— Data section —
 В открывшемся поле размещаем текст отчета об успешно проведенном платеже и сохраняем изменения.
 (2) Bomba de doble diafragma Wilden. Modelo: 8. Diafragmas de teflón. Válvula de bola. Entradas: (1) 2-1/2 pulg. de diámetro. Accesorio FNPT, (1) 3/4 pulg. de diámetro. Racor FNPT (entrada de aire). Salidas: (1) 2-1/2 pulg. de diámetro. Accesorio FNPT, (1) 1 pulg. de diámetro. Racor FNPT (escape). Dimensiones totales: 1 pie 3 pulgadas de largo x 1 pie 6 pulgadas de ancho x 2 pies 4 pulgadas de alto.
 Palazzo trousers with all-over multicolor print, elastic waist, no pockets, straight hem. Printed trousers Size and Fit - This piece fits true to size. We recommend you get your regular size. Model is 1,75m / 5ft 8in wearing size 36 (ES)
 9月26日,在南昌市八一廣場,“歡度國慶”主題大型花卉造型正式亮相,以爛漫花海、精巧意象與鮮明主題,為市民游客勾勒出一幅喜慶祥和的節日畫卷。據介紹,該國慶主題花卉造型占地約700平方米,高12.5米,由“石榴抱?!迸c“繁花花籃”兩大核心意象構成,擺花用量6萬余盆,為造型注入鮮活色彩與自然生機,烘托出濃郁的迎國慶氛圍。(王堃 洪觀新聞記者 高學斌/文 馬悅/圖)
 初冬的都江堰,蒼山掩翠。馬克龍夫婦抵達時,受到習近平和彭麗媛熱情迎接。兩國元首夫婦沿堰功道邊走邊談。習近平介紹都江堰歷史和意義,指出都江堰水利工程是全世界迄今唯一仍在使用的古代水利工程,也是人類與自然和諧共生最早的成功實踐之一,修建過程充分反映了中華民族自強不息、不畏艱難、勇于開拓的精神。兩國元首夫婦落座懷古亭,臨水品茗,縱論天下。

...

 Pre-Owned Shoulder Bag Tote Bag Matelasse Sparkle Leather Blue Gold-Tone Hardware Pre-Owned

...

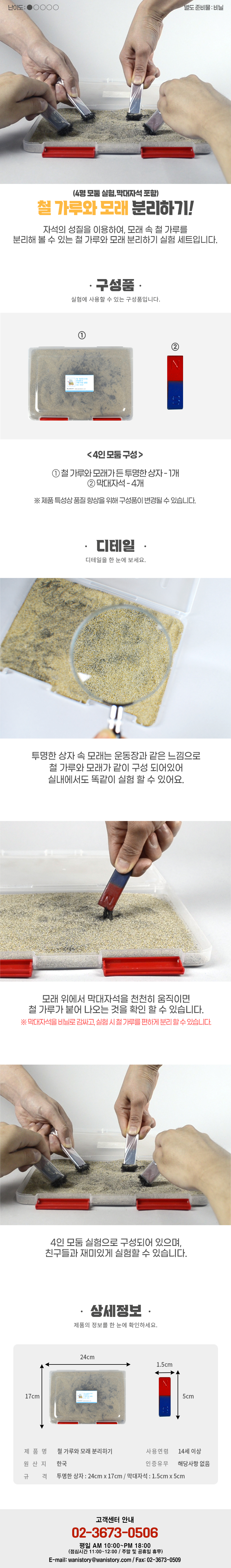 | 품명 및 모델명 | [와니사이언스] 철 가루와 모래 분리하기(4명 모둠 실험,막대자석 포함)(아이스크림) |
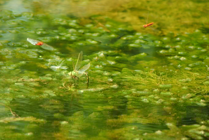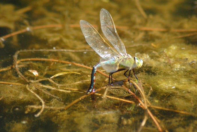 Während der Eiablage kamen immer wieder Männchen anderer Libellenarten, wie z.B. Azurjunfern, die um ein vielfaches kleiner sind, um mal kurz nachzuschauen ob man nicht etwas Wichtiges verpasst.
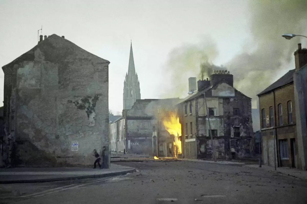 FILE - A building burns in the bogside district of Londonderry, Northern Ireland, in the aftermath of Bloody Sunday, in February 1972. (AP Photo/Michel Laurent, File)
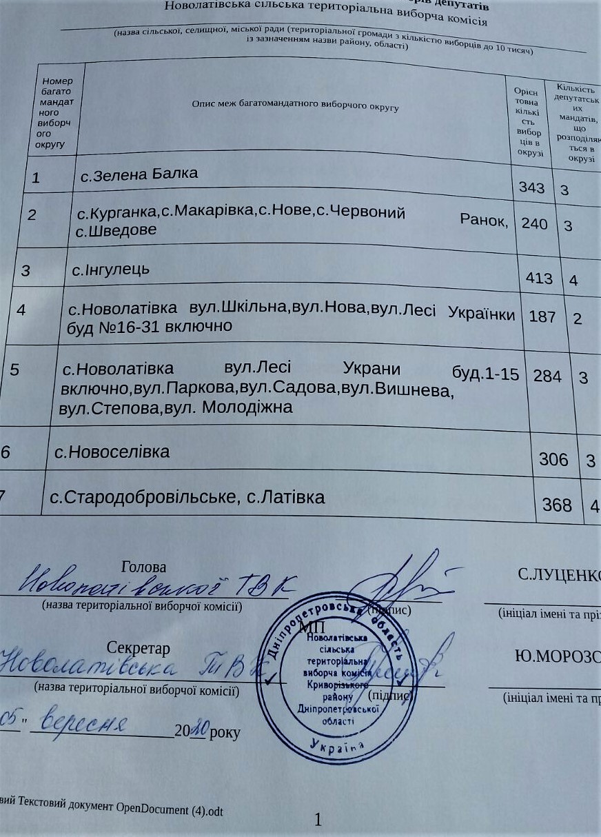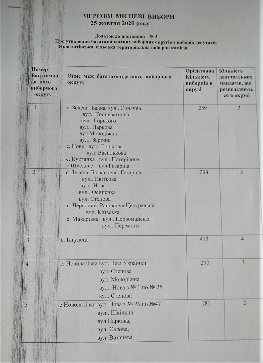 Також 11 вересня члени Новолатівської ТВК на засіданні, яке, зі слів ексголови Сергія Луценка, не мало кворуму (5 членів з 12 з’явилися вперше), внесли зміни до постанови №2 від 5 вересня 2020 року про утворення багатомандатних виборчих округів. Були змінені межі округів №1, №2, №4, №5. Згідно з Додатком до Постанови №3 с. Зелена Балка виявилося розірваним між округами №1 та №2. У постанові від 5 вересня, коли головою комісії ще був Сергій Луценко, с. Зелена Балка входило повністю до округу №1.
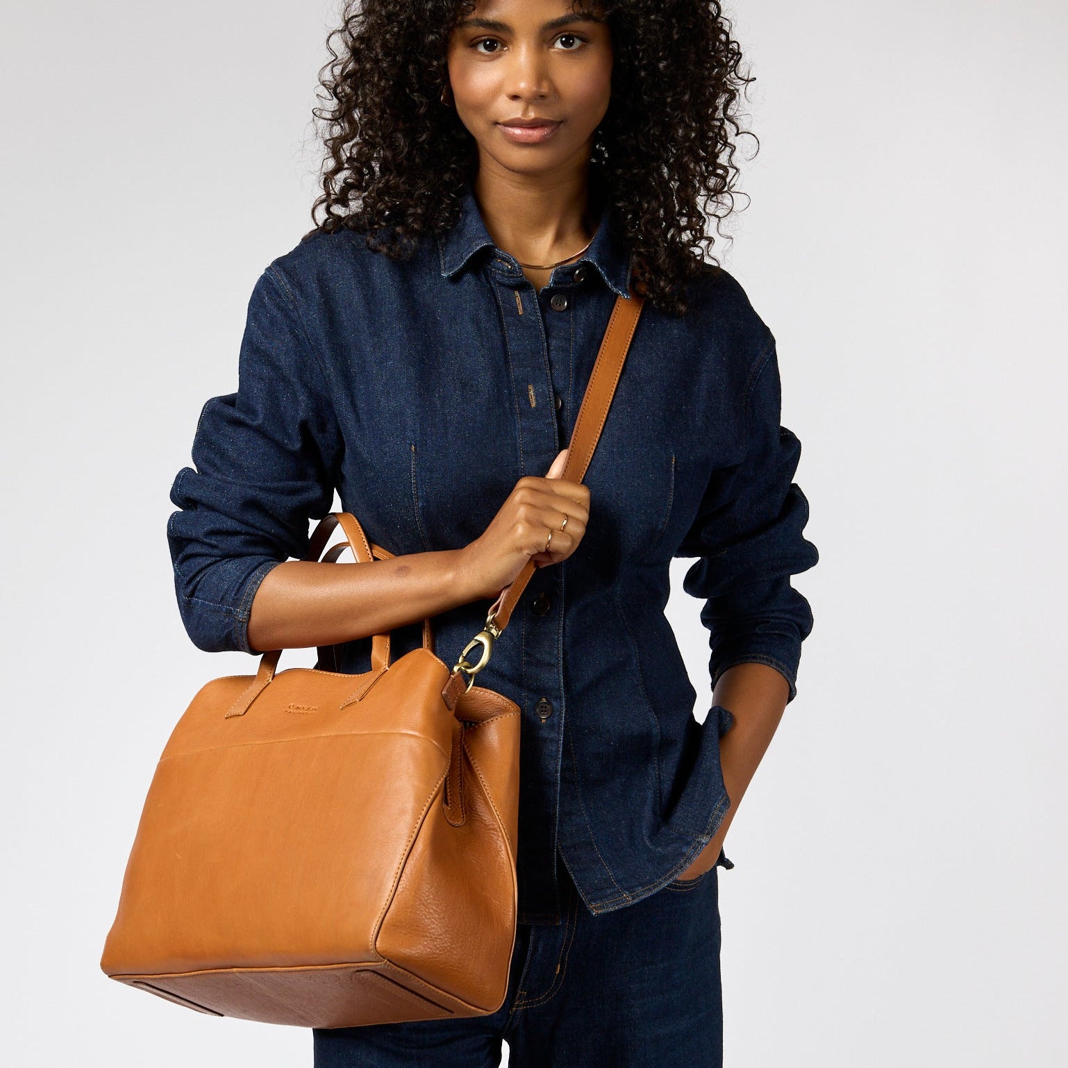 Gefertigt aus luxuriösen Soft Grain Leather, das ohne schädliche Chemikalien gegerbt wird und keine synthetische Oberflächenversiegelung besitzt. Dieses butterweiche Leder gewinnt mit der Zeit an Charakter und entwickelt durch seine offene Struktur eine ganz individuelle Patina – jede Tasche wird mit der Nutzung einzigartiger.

— Task brief —
Copy out exactly the lines above beginning with the line that contains "FILE - A building" and finishing with the line that contains "Також 11 вересня", including both; leave the pictures out.

— Exercise result —
 FILE - A building burns in the bogside district of Londonderry, Northern Ireland, in the aftermath of Bloody Sunday, in February 1972. (AP Photo/Michel Laurent, File)
 Також 11 вересня члени Новолатівської ТВК на засіданні, яке, зі слів ексголови Сергія Луценка, не мало кворуму (5 членів з 12 з’явилися вперше), внесли зміни до постанови №2 від 5 вересня 2020 року про утворення багатомандатних виборчих округів. Були змінені межі округів №1, №2, №4, №5. Згідно з Додатком до Постанови №3 с. Зелена Балка виявилося розірваним між округами №1 та №2. У постанові від 5 вересня, коли головою комісії ще був Сергій Луценко, с. Зелена Балка входило повністю до округу №1.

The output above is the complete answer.